I read two of the most ridiculous articles on the Internet about having a baby. The first one was how to conceive a baby so it’s a boy because the couple only wanted a boy. The one suggestion was for the father to have a cup of coffee beforehand and apparently that had some influence on the sex of the baby. The second article was about the couple not wanting children unless it was a girl first and then a boy for the second. While I think these are crazy articles, and I cannot imagine people choosing one or the other, I guess Justin and I have had similar conversations about our preference of a boy or girl when we are fortunate enough to adopt.

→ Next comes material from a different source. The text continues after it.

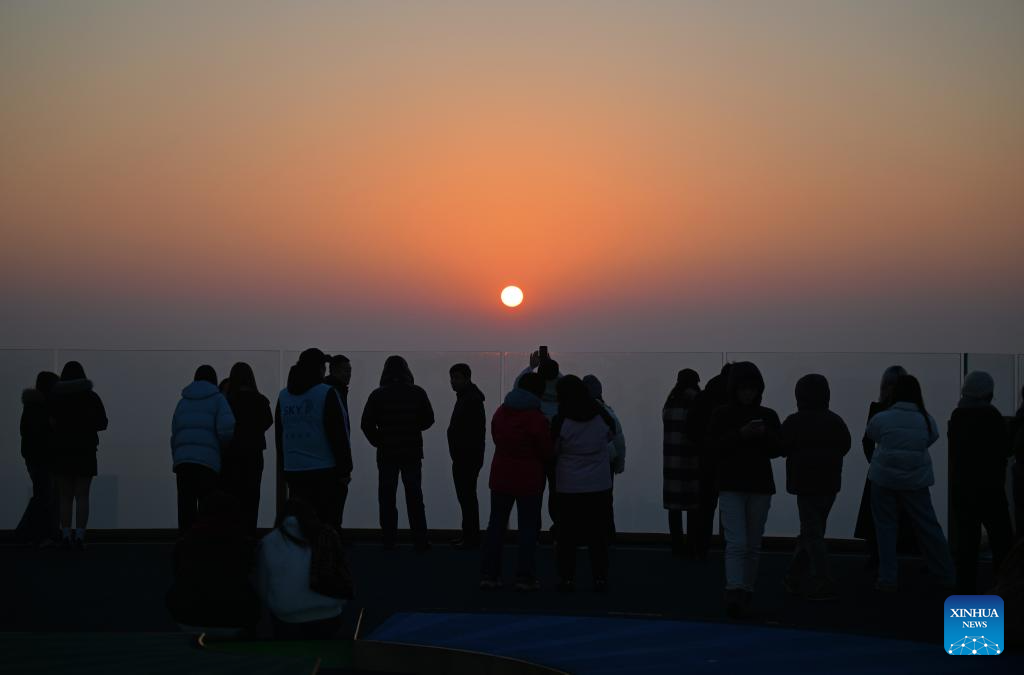 Imagen del 17 de diciembre de 2025 de visitantes observando el atardecer en la plataforma de observación Jinwan Yunding, en el distrito Heping de Tianjin, en el norte de China. Recientemente, la plataforma de observación Jinwan Yunding, situada en la plaza Jinwan, en el distrito Heping de Tianjin, ha comenzado a funcionar. Los visitantes pueden subir a la azotea, a 300 metros de altura, para contemplar la vista urbana de Tianjin. (Xinhua/Li Ran)

We honestly have been asked this question over and over by our friends and family since we announced our desire to adopt. The question, “do you want to have a boy or girl?”. Our answer will sound a bit cheesy, but honestly we don’t have a preference! I will admit in the beginning we thought a boy would be best with us both being gay dads. I mean what do we know about making braids and having tea parties? We know all the boy things about growing up (besides how football works!). But as we babysat our nieces we realized quickly a girl would be perfect for us too! We also talked to a good friend and she’s ready to teach us how to braid when we need it (and she said help explain football when if we have a boy). Another nice thing about our agency is we do not get to say if we want a girl or boy in our profile. They actually helped educate us to ease any tension we might have had about being gay dads and raising a daughter.

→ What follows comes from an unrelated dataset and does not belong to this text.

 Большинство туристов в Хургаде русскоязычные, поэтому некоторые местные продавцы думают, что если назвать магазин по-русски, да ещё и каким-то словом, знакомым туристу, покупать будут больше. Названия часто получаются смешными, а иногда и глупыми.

I realize people have preferences, but this seems extreme to me to try to influence the sex of the baby to pick what I think would be classified as a designer family. As a gay couple hoping to start a family, we do not care if it’s a girl or a boy. What we pray for is a healthy baby to enter our life. Part of the whole pregnancy experience I believe is the excitement of finding out the sex of the baby. My greatest hope is we have a birth mother that allows us to come to the ultrasound and learn the sex of the baby together. The excitement and suspense would be killing us as the doctor set up the machine. I imagine Justin and I holding hands watching the monitor. My other hand would be up in front of my mouth as I choke back tears of joy and hearing “congratulations, it’s a….”. It will make everything about the adoption suddenly real to us in that we are going to be dads and have the child of our dreams.

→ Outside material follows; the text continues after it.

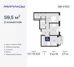2-комн. квартира от застройщика с предчистовой отделкой в ЖК "Мириады" на 2 этаже. Общая площадь: 59.5 кв.м., жилая: 23.9 кв.м., площадь просторной кухни-столовой: 16.5 кв.м. Комнаты изолированные, все окна выходят на одну сторону. В квартире один балкон, два совмещенных санузла. Высота потолков 2.7 м.

The nursery would quickly begin to take on either a masculine or feminine shape from that moment on. Up to this point the room has sat quiet, reserved for that special little person to join us, and neutral in terms of color. We now watch the room quietly from the door, rarely going into it as to not disturb it before it’s time. We look it in each night before bed with hope that the day will be here soon. We entered this journey with no promises, no guarantees, and only a hope that our love for each other would guide us on our journey to become dads. But once we learn the sex of the baby, the room would start filling with color, filling with happiness, filling with life, filling with the hope of what will soon be. And no longer will I be clicking neutral for the “sex” on our baby purchases!
For us in our adoption journey, we will be happy — or rather ecstatic for either a girl or boy and look forward to loving and making them part of our family. For us, it’s about ensuring every opportunity is available for them. It’s about hearing that nursury that sits dark fill with life as our child joins us. It’s about us being the adoptive parents their birth mother dreamed of and showing the baby all of their potential. They are meant for big things in this great big world, and we are ready. Ready to watch them grow into a compassionate adult and do wonderful things.